The present observational constraints on the $\Omega_0$ parameter favor a spatial geometry that is nearly flat with a 0.4% margin of error (Hinshaw et al 2013). However, even with the curvature so severely constrained by cosmological data, there are still possible multi-connected topologies that support positively curved, negatively curved, or flat metrics. Such small universe models generate multiple images of light sources, in such a way that the hypothesis of multi-connected topology can be tested by astronomical observations. The smaller the fundamental domain, the easier it is to observe the multiple images of luminous sources in the sky (generally not seen at the same age, except for the CMB). Note, however, the coincidence problem that occurs in order to get an observable non-trivial topology: for flat space, we need to have the topology scale length near the horizon scale, while for curved spaces, the curvature radius needs to be near the horizon scale.

How do the present observational data constrain the possible multi-connectedness of the universe and, more generally, what kinds of tests are conceivable? (See Luminet (2008) for a non-technical book about all aspects of topology and its applications to cosmology).
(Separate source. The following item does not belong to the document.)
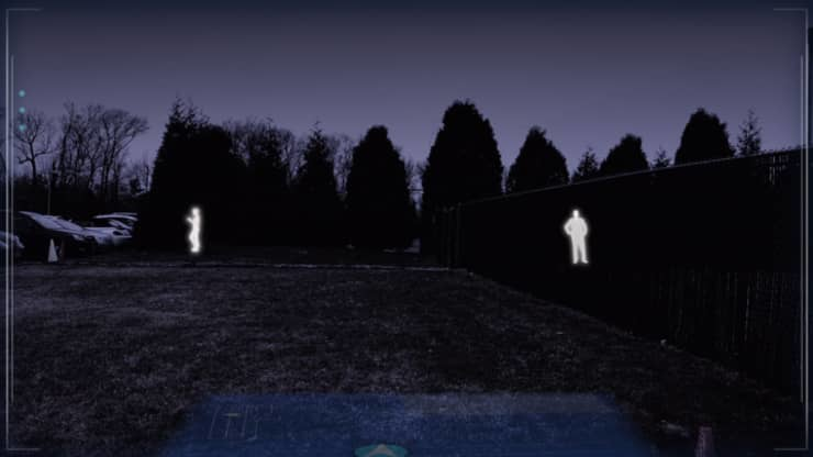 在烟雾环境中,军方目前所用的夜视镜就没那么好用了,士兵可能会被挡住视线。所以,IVAS 加入了热成像功能。即便在无光的野外,记者在戴上眼镜后也能看到周围人身上发出白色亮光,即使是躲在障碍物后面的人也能被识别。

Figure 5: The Cosmic Crystallography Method in the Poincaré Dodecahedral Space. In this histogram for pairwise separations calculated in a PDS with $\Omega_0 = 1.1$, the presence of spikes signals a multi-connected topology, their positions reflect the size of the fundamental domain (a dodecahedron), and their relative heights characterizes the group of transformations that glue together the opposite faces of the dodecahedron. Although the main spike is situated at a spectral shift too large to be detectable, the first one is at $z \approx 1.5$, accessible to the deep observational surveys expected in this decade.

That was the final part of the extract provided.